Murdoch shuts down tainted tabloid

A woman leaves the News International HQ building in London. Media mogul Rupert Murdoch has stunned critics by ordering the closure of the scandal-hit News Of The World tabloid.

A woman leaves the News International HQ building in London. Media mogul Rupert Murdoch has stunned critics by ordering the closure of the scandal-hit News Of The World tabloid.

Published Jul 7, 2011

Share

London - In a breathtaking response to a scandal engulfing his media empire, Rupert Murdoch moved on Thursday to close down the News Of The World, Britain's biggest selling Sunday newspaper.

As allegations multiplied that its journalists hacked the voicemails of thousands of people, from child murder victims to the families of Britain's war dead, the tabloid had haemorrhaged advertising, alienated millions of readers and posed a growing threat to Murdoch's hopes of buying broadcaster BSkyB .

Yet no one, least of all the 168-year-old paper's 200 staff, was prepared for the drama of a single sentence that will surely go down as one of the most startling turns in the 80-year-old Australian-born press baron's long and controversial career.

“News International today announces that this Sunday, 10 July 2011, will be the last issue of the News Of The World,” read the preamble to a statement from Murdoch's son James, who chairs the British newspaper arm of News Corp.

It seemed a bold gamble, sacrificing a historic title that is suffering from the long-term decline of print newspapers to stave off a threat to plans to expand in television. “Talk about a nuclear option,” said a “gobsmacked” Steven Barnett, professor of communications at Westminster University.

But some analysts said Murdoch would still face pressure to remove his close confidante and top British newspaper executive Rebekah Brooks, a friend of Prime Minister David Cameron. Her editorship of the News Of The World a decade ago is at the heart of some of the gravest accusations.

Praising a fine muck-raking tradition at the paper, which his father bought in 1969, James Murdoch wrote in a statement to stunned staff that the explosion of a long-running scandal over phone hacking by journalists had made the paper unviable:

“The good things the News Of The World does have been sullied by behaviour that was wrong. Indeed, if recent allegations are true, it was inhuman and has no place in our company. The News Of The World is in the business of holding others to account. But it failed when it came to itself.”

It was unclear whether the company would produce a replacement title for the lucrative Sunday market, in which, despite difficult times for newspaper circulations, the News Of The World is still selling 2.6 million copies a week.

One option, analysts said, might be for its daily sister paper the Sun to extend its coverage to a seventh day.

Stephen Adams, a fund manager at Aegon asset management, which is one of the biggest shareholders in BSkyB, told Reuters:

“We see it as something to restore or remedy a tarnished reputation for the News Corp group.
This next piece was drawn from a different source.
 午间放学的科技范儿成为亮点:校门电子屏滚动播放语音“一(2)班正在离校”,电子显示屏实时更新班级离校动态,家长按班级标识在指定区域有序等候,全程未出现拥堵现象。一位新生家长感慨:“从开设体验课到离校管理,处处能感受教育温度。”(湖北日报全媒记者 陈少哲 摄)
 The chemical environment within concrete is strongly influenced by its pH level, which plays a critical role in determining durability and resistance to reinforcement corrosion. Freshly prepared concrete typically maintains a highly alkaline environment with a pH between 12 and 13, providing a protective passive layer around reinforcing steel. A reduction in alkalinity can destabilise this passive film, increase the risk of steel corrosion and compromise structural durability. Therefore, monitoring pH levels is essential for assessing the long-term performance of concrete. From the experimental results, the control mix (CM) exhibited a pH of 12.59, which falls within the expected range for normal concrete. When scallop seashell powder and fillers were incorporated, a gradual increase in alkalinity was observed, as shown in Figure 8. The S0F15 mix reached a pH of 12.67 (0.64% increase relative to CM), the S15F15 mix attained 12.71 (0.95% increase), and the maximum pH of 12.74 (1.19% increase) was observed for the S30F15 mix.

But we also critically see it as a reflection of News Corp's desire to progress the BSkyB bid and have full ownership of the company.”
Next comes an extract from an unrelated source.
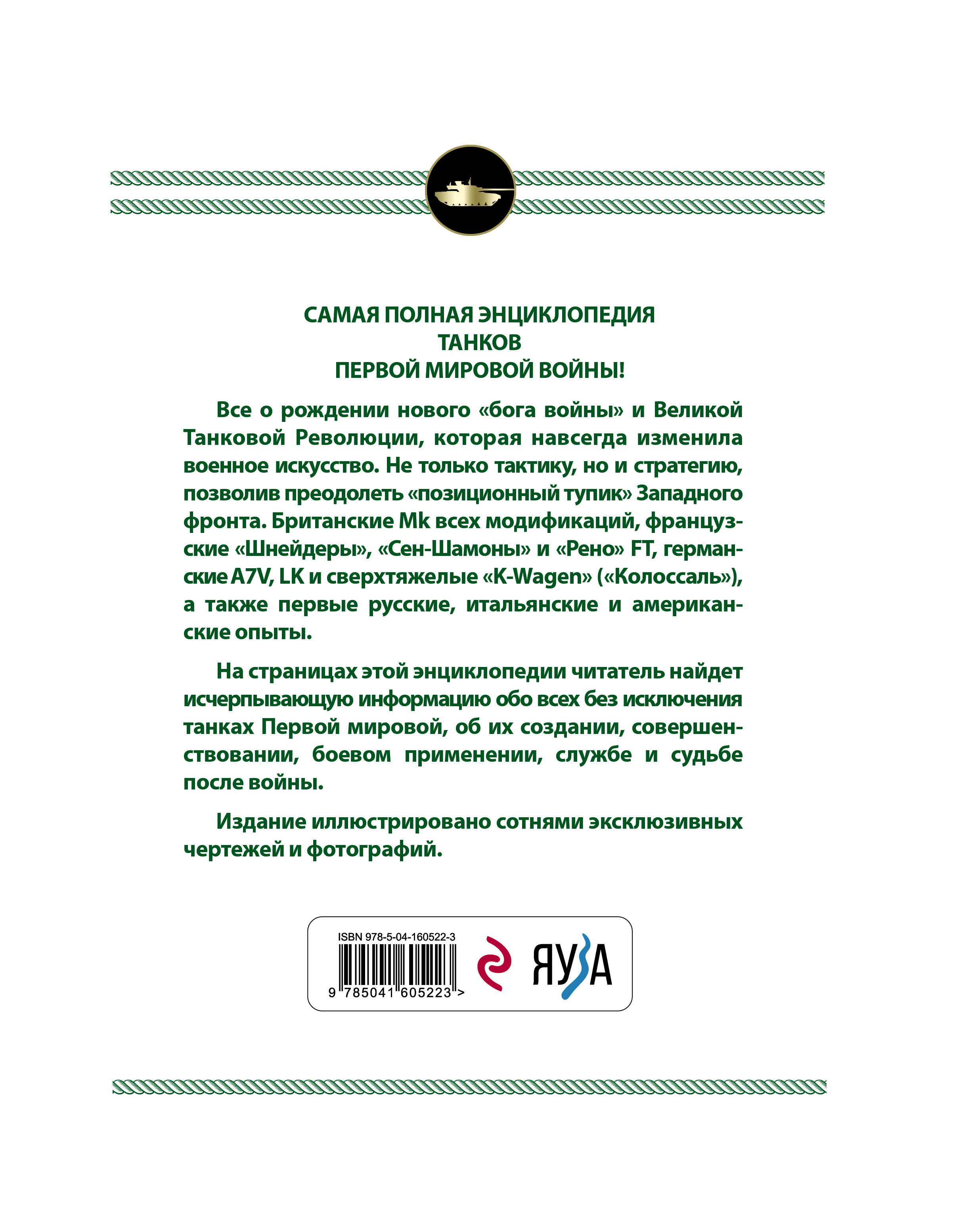 САМАЯ ПОЛНАЯ ЭНЦИКЛОПЕДИЯ ТАНКОВ ПЕРВОЙ МИРОВОЙ ВОЙНЫ! Всё о рождении нового «бога войны» и Великой Танковой Революции, которая навсегда изменила военное искусство. Не только тактику, но и стратегию, позволив преодолеть «позиционный тупик» Западного фронта. Британские Mk всех модификаций, французские «Шнейдеры», «Сен-Шамоны» и «Рено» FT, германские A7V, LK и сверхтяжёлые «K-Wagen» («Колоссаль»), а также первые русские, итальянские и американские опыты. На страницах этой энциклопедии читатель найдет исчерпывающую информацию обо всех без исключения танках Первой мировой, об их создании, совершенствовании, боевом применении, службе и судьбе после войны. Издание иллюстрировано сотнями эксклюзивных чертежей и фотографий.| Издательство | ООО "Издательство "Эксмо" |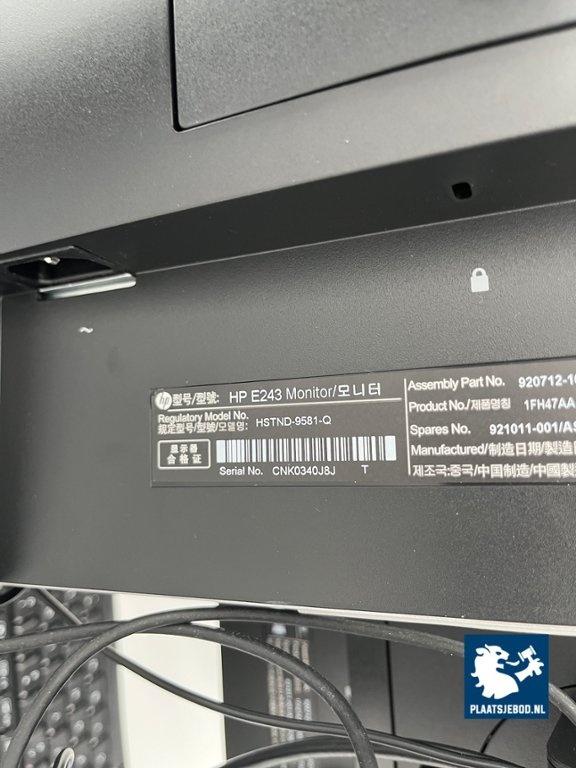 2 x HP 24 inch monitor, type E243, kantelbaar, HP-USB-C dockingstation, met toetsenbord, bedrade muis, netsnoeren.

Cameron's government had already given an informal blessing to the takeover, despite criticism on the left that it gave Murdoch too much media power. But the storm of outrage at the News of the World had turned attention on Cameron's own links to the paper - he made another former editor his spokesperson - and so had fostered concerns among investors that there could be snags in securing final approval for the $14-billion bid.

In his statement, James Murdoch said: “This Sunday will be the last issue of the News Of The World.

“In addition, I have decided that all of the News Of The World's revenue this weekend will go to good causes... We will run no commercial advertisements this weekend.”

Journalists said that an emotional editor Colin Myler had read out the announcement at the east London newsroom where Murdoch changed the face of British journalism in the 1980s by breaking the power of the printing unions.

Myler, journalists said, had asked Brooks to leave the room, adding that many were angry that 200 people were losing jobs in what they saw as a move to shield the former editor.

James Murdoch made clear Brooks remained in place as chief executive, telling Sky News he was satisfied that Brooks knew nothing of the crimes allegedly committed when he was editor.

One employee of the doomed paper told Reuters: “We didn't expect it at all. We had no indication. The last week has been tough. None of us have done anything wrong. We thought we were going to weather the storm.”

One source at News International said the decision had been taken and acted upon with little delay.

The journalists' trade union said it was Brooks, not they, who should be fired: “It is the people at the top who need to be punished, not ordinary working journalists,” the union said.

The leader of the opposition Labour party Ed Miliband also said Brooks should go. “What I'm interested in is not closing down newspapers, I'm interested in those who were responsible being brought to justice and those who have responsibility for the running of that newspaper taking their responsibility and I don't think those two things have happened today.”

Ian Hargreaves of the Cardiff School of Journalism called closing the paper “an astonishing and unprecedented” act. “It is appropriate to the moral horror that the owners of the newspaper faced but... killing the paper does not kill the story.”

Tom Watson, a Labour member of parliament who had campaigned for a reckoning from the paper over the phone hacking scandal, said: “This is a victory for decent people up and down the land.